Thermal barrier coatings (TBCs) are widely used in gas turbine engines because they allow higher operating temperatures due to their thermal insulation effect. The aim of this paper is to explain the effect of the substrate (base metal) on the performance of TBCs applied to various nickel‐based superalloys and stainless steels.
Specimens were prepared by applying atmospheric plasma spraying (APS). Six TBC‐coated samples were prepared. Three of the substrates were stainless steel and the rest were nickel‐based superalloys. Characterization effort included thermal exposure, microhardness testing, optical metallography and image analysis.
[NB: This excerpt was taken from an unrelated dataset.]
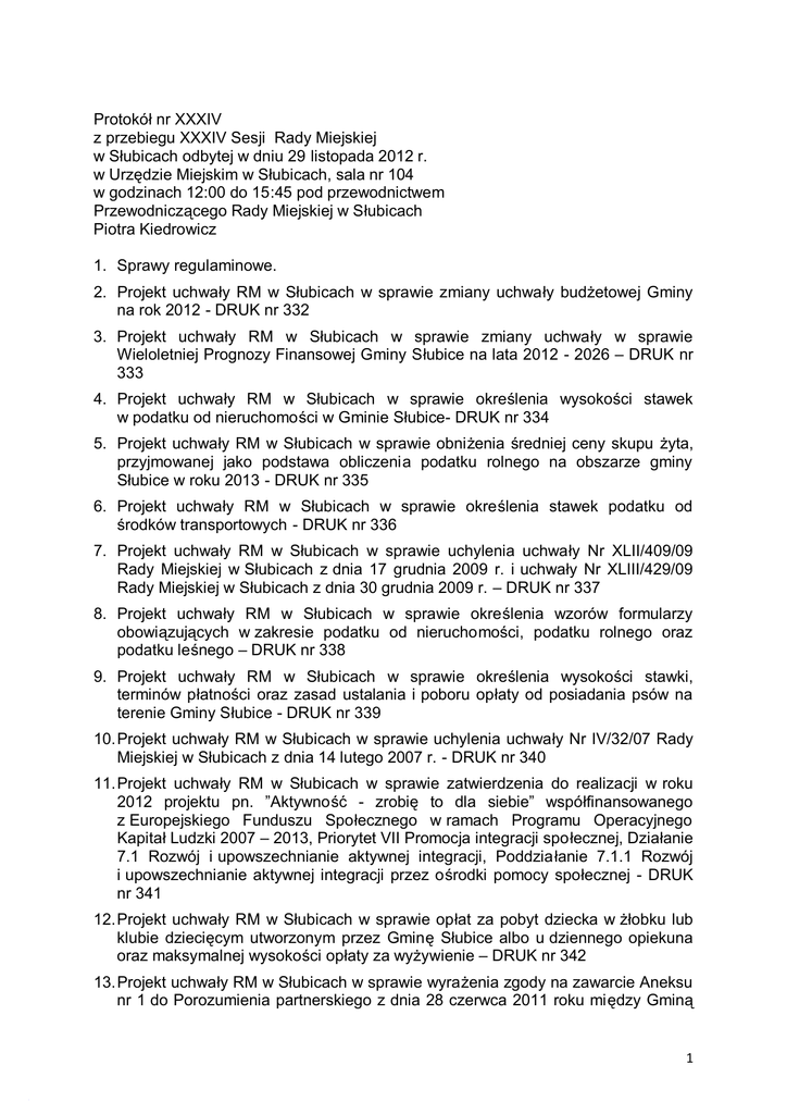 Protokół nr XXXIV z przebiegu XXXIV Sesji Rady Miejskiej w Słubicach odbytej w dniu 29 listopada 2012 r. w Urzędzie Miejskim w Słubicach, sala nr 104 w godzinach 12:00 do 15:45 pod przewodnictwem Przewodniczącego Rady Miejskiej w Słubicach Piotra Kiedrowicz 1. Sprawy regulaminowe. 2. Projekt uchwały RM w Słubicach w sprawie zmiany uchwały budżetowej Gminy na rok 2012 - DRUK nr 332 3. Projekt uchwały RM w Słubicach w sprawie zmiany uchwały w sprawie Wieloletniej Prognozy Finansowej Gminy Słubice na lata 2012 - 2026 – DRUK nr 333 4. Projekt uchwały RM w Słubicach w sprawie określenia wysokości stawek w podatku od nieruchomości w Gminie Słubice- DRUK nr 334 5. Projekt uchwały RM w Słubicach w sprawie obniżenia średniej ceny skupu żyta, przyjmowanej jako podstawa obliczenia podatku rolnego na obszarze gminy Słubice w roku 2013 - DRUK nr 335 6. Projekt uchwały RM w Słubicach w sprawie określenia stawek podatku od środków transportowych - DRUK nr 336 7. Projekt uchwały RM w Słubicach w sprawie uchylenia uchwały Nr XLII/409/09 Rady Miejskiej w Słubicach z dnia 17 grudnia 2009 r. i uchwały Nr XLIII/429/09 Rady Miejskiej w Słubicach z dnia 30 grudnia 2009 r. – DRUK nr 337 8. Projekt uchwały RM w Słubicach w sprawie określenia wzorów formularzy obowiązujących w zakresie podatku od nieruchomości, podatku rolnego oraz podatku leśnego – DRUK nr 338 9. Projekt uchwały RM w Słubicach w sprawie określenia wysokości stawki, terminów płatności oraz zasad ustalania i poboru opłaty od posiadania psów na terenie Gminy Słubice - DRUK nr 339 10. Projekt uchwały RM w Słubicach w sprawie uchylenia uchwały Nr IV/32/07 Rady Miejskiej w Słubicach z dnia 14 lutego 2007 r. - DRUK nr 340 11. Projekt uchwały RM w Słubicach w sprawie zatwierdzenia do realizacji w roku 2012 projektu pn. ”Aktywność - zrobię to dla siebie” współfinansowanego z Europejskiego Funduszu Społecznego w ramach Programu Operacyjnego Kapitał Ludzki 2007 – 2013, Priorytet VII Promocja integracji społecznej, Działanie 7.1 Rozwój i upowszechnianie aktywnej integracji, Poddziałanie 7.1.1 Rozwój i upowszechnianie aktywnej integracji przez ośrodki pomocy społecznej - DRUK nr 341 12. Projekt uchwały RM w Słubicach w sprawie opłat za pobyt dziecka w żłobku lub klubie dziecięcym utworzonym przez Gminę Słubice albo u dziennego opiekuna oraz maksymalnej wysokości opłaty za wyżywienie – DRUK nr 342 13. Projekt uchwały RM w Słubicach w sprawie wyrażenia zgody na zawarcie Aneksu nr 1 do Porozumienia partnerskiego z dnia 28 czerwca 2011 roku między Gminą 1 Słubice (Rzeczpospolita Polska) a Miastem Frankfurt nad Odrą (Republika Federalna Niemiec) w ramach Programu Operacyjnego Współpracy Transgranicznej Polska (Województwo Lubuskie) –Brandenburgia 2007-2013 na realizację projektu nr WTBR.01.03.00-52-010/09 pt. Wzmocnienie międzygminnej współpracy w Europejskim Dwumieście Słubice-Frankfurt nad Odrą oraz stworzenie polsko-niemieckiego Centrum Kompetencji i Kooperacji (K&K) jako wzoru nowej generacji współpracy transgranicznej oraz upoważnienia Burmistrza do jego podpisania – Druk nr 343 14. Projekt uchwały RM w Słubicach w sprawie nadania Honorowych Wyróżnień Gminy Słubice - DRUK nr 344 15. Projekt uchwały RM w Słubicach w sprawie nadania Honorowych Wyróżnień Gminy Słubice – DRUK nr 345 16. Projekt uchwały RM w Słubicach w sprawie przyjęcia Rocznego Programu Współpracy Gminy Słubice z organizacjami pozarządowymi, podmiotami prowadzącymi działalność pożytku publicznego i stowarzyszeniami jednostek samorządu terytorialnego- DRUK nr 346 17. Projekt uchwały RM w Słubicach w sprawie mieszkaniowego w Słubicach – DRUK nr 347 nadania nazwy osiedla 18. Projekt uchwały RM w Słubicach w sprawie wyrażenia zgody na nabycie nieruchomości w drodze zamiany - DRUK nr 348 19. Projekt uchwały RM w Słubicach w sprawie wyrażenia zgody na zawarcie kolejnych umów dzierżaw na nieruchomości gminne – DRUK nr 349. 20. Projekt uchwały RM w Słubicach o przystąpieniu do sporządzenia zmiany studium uwarunkowań i kierunków zagospodarowania przestrzennego miasta i gminy Słubice - DRUK nr 350 21. Projekt uchwały RM w Słubicach w sprawie zatwierdzenia taryfy za zbiorowe zaopatrzenie w wodę i zbiorowe odprowadzenie ścieków na rok 2013- DRUK nr 351 22. Projekt uchwały RM w Słubicach w sprawie udzielenia odpowiedzi na skargę wniesioną do Wojewódzkiego Sądu Administracyjnego w Gorzowie Wlkp. na uchwałę Rady Miejskiej w Słubicach z dnia 27 września 2012r. nr XXX/240/2012 – DRUK nr 352 23. Projekt uchwały RM w Słubicach w sprawie wyrażenia poparcia dla uchwały Rady Miejskiej Inowrocławia w sprawie skierowania do Trybunału Konstytucyjnego wniosku o stwierdzenie niezgodności z Konstytucją Rzeczypospolitej Polskiej przepisów ustawy o utrzymaniu czystości i porządku w gminach- DRUK nr 353 . 24. Projekt uchwały RM w Słubicach w sprawie uchwalenia Regulaminu utrzymania czystości i porządku na terenie Gminy Słubice- DRUK nr 354 25. Projekt uchwały RM w Słubicach w sprawie metody ustalenia opłaty za gospodarowanie odpadami komunalnymi oraz stawki op łaty - DRUK nr 355 26. Projekt uchwały RM w Słubicach w sprawie terminu, częstotliwości i trybu uiszczania opłat za gospodarowanie odpadami komunalnymi - DRUK nr 356 2 27. Projekt uchwały RM w Słubicach w sprawie wzoru deklaracji o wysokości opłaty za gospodarowanie odpadami komunalnymi składanej przez właścicieli nieruchomości – DRUK nr 357 28. Projekt uchwały RM w Słubicach w sprawie górnych stawek opłat ponoszonych przez właścicieli nieruchomości za usługi w zakresie pozbywania się zebranych na terenie nieruchomości odpadów komunalnych oraz nieczystości ciekłych DRUK nr 358 29. Projekt uchwały RM w Słubicach w sprawie szczegółowego sposobu i zakresu świadczenia usług w zakresie odbierania odpadów komunalnych od właścicie

Microhardness test results showed that extended periods in high‐temperature environments affected the coating morphology, which was measured by changes in the microhardness values. At the end of the long periods in the furnace, microhardness values increased, which might be a sign that modulus of the coating increased. These changes in the microhardness might be due to the sintering effect and morphological changes that occurred in the coating. Effects of thermal exposure to the coatings were also visible in the micrographs in the form of fully open cracks. Development of larger cracks was life‐threatening for the ceramic coating.
It was shown for the first time that, in the above‐mentioned crack growth and spallation stages, stainless steel and superalloy substrates showed considerably different performances. Microhardness test results of coatings on different substrates were considerably dissimilar, which was a sign that the coating morphology was affected during thermal exposure.